Some of Jeffrey Epstein's accusers and the family of Harry Dunn join forces in their calls over the Duke of York and Ms Sacoolas.
Wednesday 5 February 2020 23:07, UK
Give us your prince and we'll hand over the spy's wife.
It's a nice line but it's not what Harry Dunn's family and lawyers for Jeffrey Epstein's victims were asking for in New York.
That may be how the idea has been couched in the British tabloid press that has been floating the prospect of a high profile swap for a little while now.
When it was put to the US Secretary of State Mike Pompeo last week, by a tabloid journalist, then it became a story.
So it was natural that both representatives for Harry Dunn's family and Jeffrey Epstein's victims felt they needed to address the proposition.
But they were not proposing a swap, they insisted.
Rather, they were pointing to what both cases have in common and to the principles of reciprocity and justice.
In both the Epstein affair and the tragedy of Harry Dunn the victims were young, said representatives of both.
And in both cases, authorities would like to speak to individuals currently residing on the other side of the Atlantic.
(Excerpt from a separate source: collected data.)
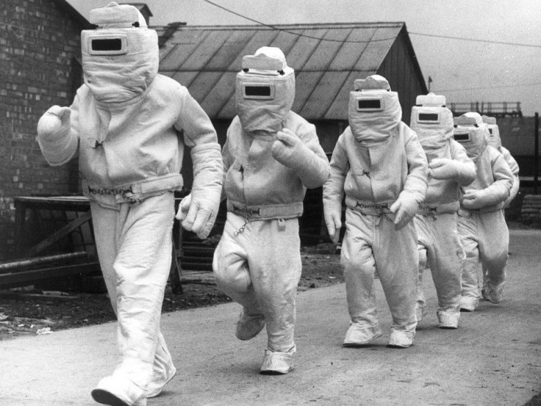 Демонстрация асбестовых скафандров для наземной пожарной службы аэропорта, Великобритания, 14 октября 1940 года.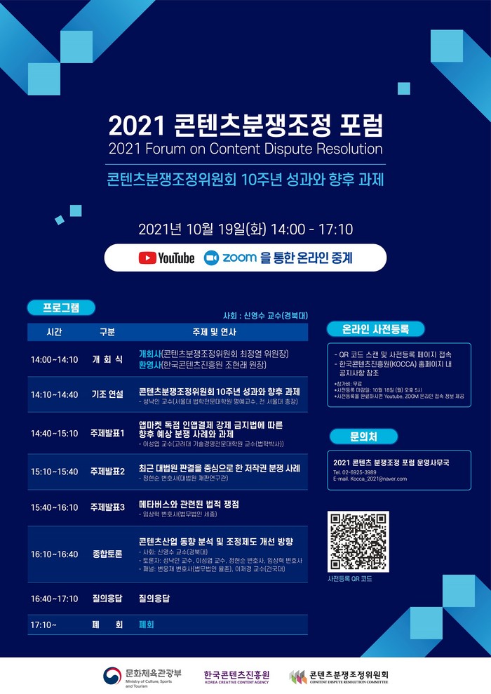 ‘2021 콘텐츠분쟁조정 포럼’은 코로나19 확산 방지를 위해 비대면 온라인 방식으로 진행되며, 콘진원 공식 유튜브를 통해 19일 오후 2시부터 생중계한다. 포럼에 대한 자세한 내용은 콘진원 누리집 공지사항을 통해 확인할 수 있다.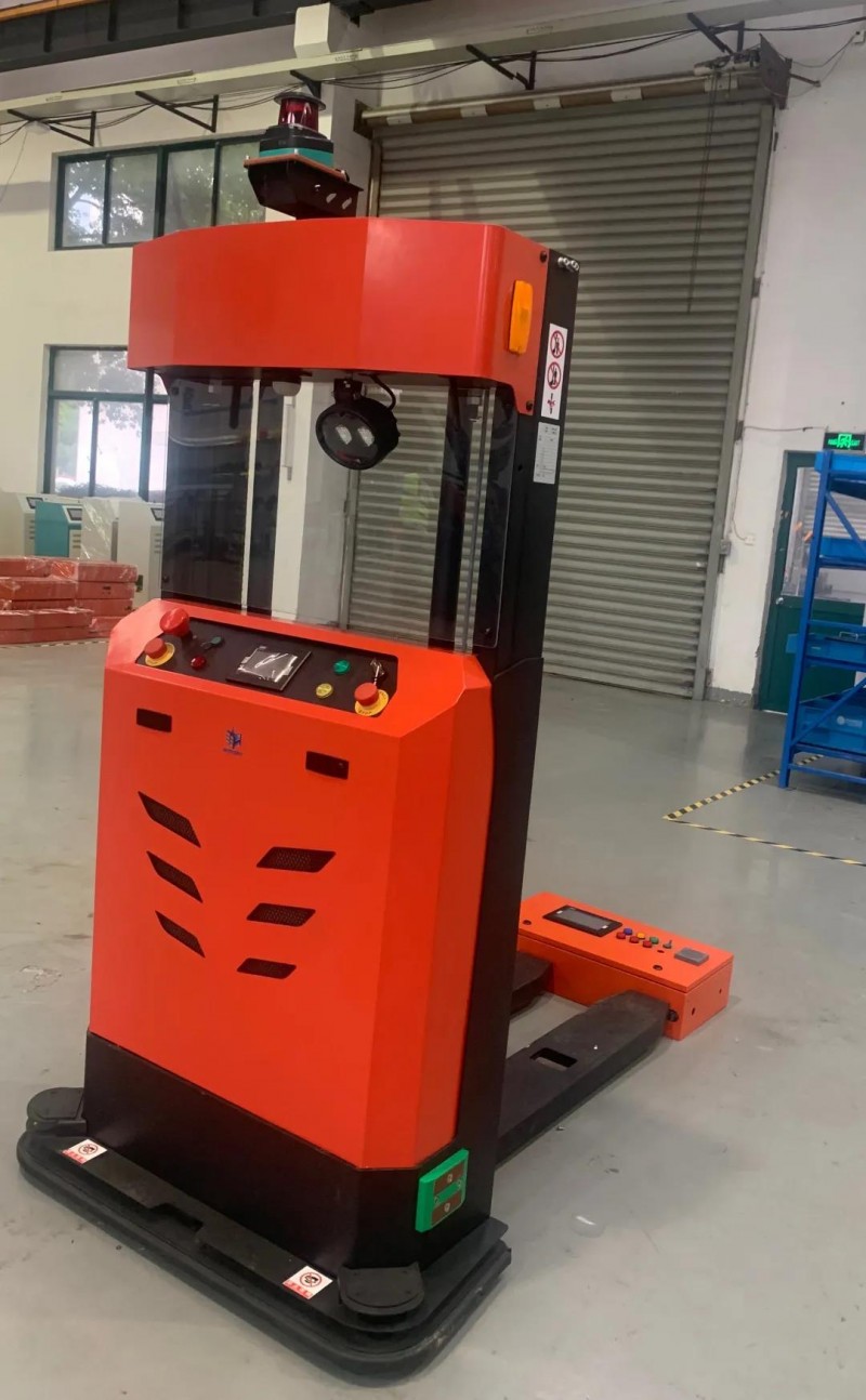 窄通道三向AGV外,在一些不需要高位存储的场景,AGV厂商们与传统的叉车厂商合作,通过对车体小型化、轻量化的设计,减小车体的转弯半径,推出了窄通道前移堆垛AGV,这类产品的举升高度一般在1.6m左右,工作通道在2m左右。主要面向线边运输、低位上料、仓储管理等场景应用。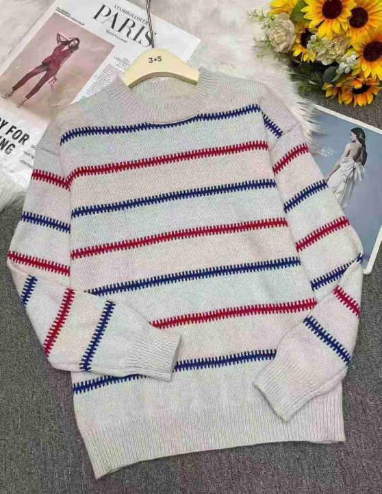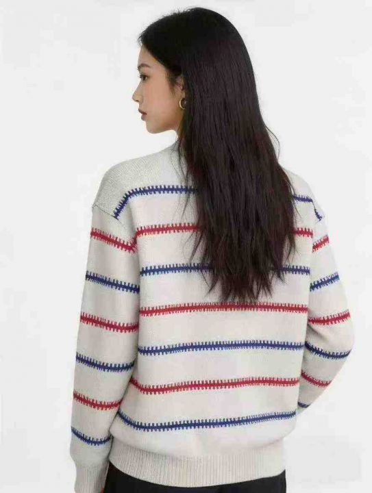 秋冬新款撞色条纹宽松慵懒风北极绒套头毛衣,独立包装...

Anne Sacoolas left the UK under cover of diplomatic immunity and is now living in the US. Her government has turned down a request for her extradition to the UK to answer charges arising from the road traffic accident that killed motorcyclist Harry Dunn.
His family's friend and spokesman Radd Seiger insisted once again that no one should be above the law.
Prince Andrew has protested his innocence and insisted he has done nothing wrong, but American investigators would still like to ask him questions about his late friend Jeffrey Epstein.
A spokesman for the US Attorney's Office in the Southern District of New York says it has not had any success interviewing the prince.
Two very different people, two very different cases.
But the family of Harry Dunn and representatives of some of Epstein's victims say justice is justice - and both individuals have a duty to help authorities deliver it.
If that means crossing the Atlantic, then both Sacoolas and Prince Andrew should do so, they say.
They undoubtedly also want to keep their respective causes in the public eye and the news conference in New York certainly achieved that.
There is no question of a high-level swap. That is preposterous.
But just as Harry Dunn's family remains convinced Ms Sacoolas will eventually have no choice but to return to the UK and answer the charges against her, those supporting Epstein's victims insist the pressure on Prince Andrew to break his silence with investigators will eventually become impossible to resist.